Used to populate `quality_flags.suspected_outliers` (boolean) and to
flag individual rows in `level_2_telemetry.inline_rows`.

### Z-score (default for adequate and robust samples)

```text
z_score = (row.unit_price - entity.mean) / entity.stddev
```

Emit the line with `flag` set when `|z_score| >= 3`. Common flag values
used in the TechnoFlex examples:

- `"price_outlier_high"` for `z_score >= 3`
- `"price_outlier_low"` for `z_score <= -3`
- `"price_peak_period"` for `1.5 <= z_score < 3`
- `"uom_likely_misencoded"` for `z_score >= 8` (typically a
  per-railcar price mistakenly entered per-unit; verify the spend math
  to confirm)
- `"high_volume_lane"` for normal-priced rows with qty in the top
  decile (not an outlier per se, but useful evidence)
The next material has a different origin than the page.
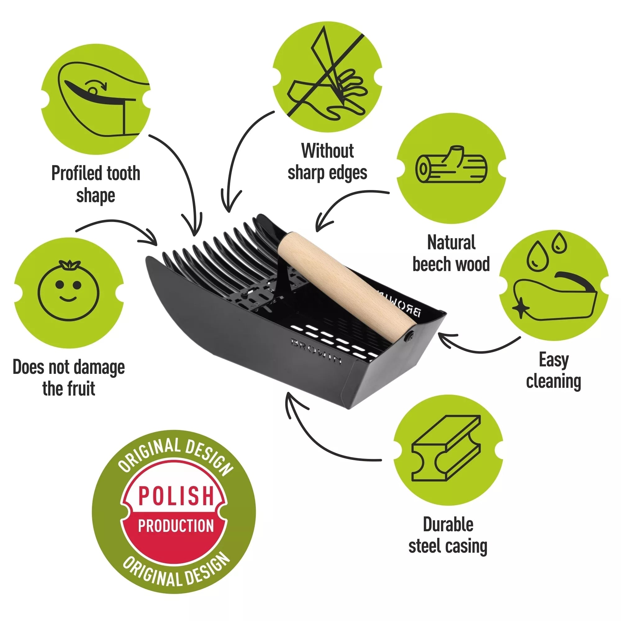 Tobulas smulkių vaisių skynimas – naudodamiesi šiuo praktišku skintuvu, patogiai ir lengvai skinsite mėlynes, šilauoges, serbentus, aronijas ir kitus smulkius vaisius, kuriuos auginate.Naudojimo patogumas – skintuvas sukurtas galvojant apie jūsų komfortą: ergonomiška, optimizuota forma, patogi rankena, „kvėpuojanti“ apačia (dėl perforacijos), tinkamas plotis ir didelė talpa.Aukšta kokybė ir elegancija – įvertinsite patvarų plieninį korpusą, padengtą blizgia danga, tvirtą medinę rankeną bei harmoningą viso įrankio formą.Saugumas vaisiams ir krūmams – tinkamai suformuoti lankstūs šukos dantukai ir aštrių briaunų nebuvimas sumažina vaisių ir krūmų pažeidimo riziką.Lengvas valymas – dėl konstrukcijos privalumų skintuvą greitai ir lengvai išvalysite.Originalus dizainas, pagaminta Lenkijoje – funkcionalumo ir patrauklaus dizaino derinys.Tinkamai naudojamas šis skintuvas tarnaus jums daugelį metų. Juo galėsite surinkti daugiau vaisių vienu kartu. Naudojimo patogumas, patvarumas, atsparumas rūdims, išskirtinė ir kompaktiška forma – tai tik dalis šio profesionalaus įrankio privalumų, kuriuos įvertinsite praktiškai.

### IQR fallback (for sparse samples)

When `sample_size_class == "sparse"` (n < 30), z-score breaks down
because stddev is unreliable. Use IQR instead:

```text
Q1 = 25th percentile of unit_price
Q3 = 75th percentile of unit_price
IQR = Q3 - Q1

flag row as outlier if:
    row.unit_price < Q1 - 1.5 * IQR     (low)
    or row.unit_price > Q3 + 1.5 * IQR  (high)
```

Flag vocabulary for IQR-detected outliers:

- `"iqr_outlier_high"` for the upper tail
- `"iqr_outlier_low"` for the lower tail

Treat IQR and z-score as parallel detectors with the same downstream
behavior. `quality_flags.suspected_outliers` is true if EITHER
detector fires on any row. Record which detector was used in
`level_2_telemetry.retrieval` notes or in `data_quality_notes`.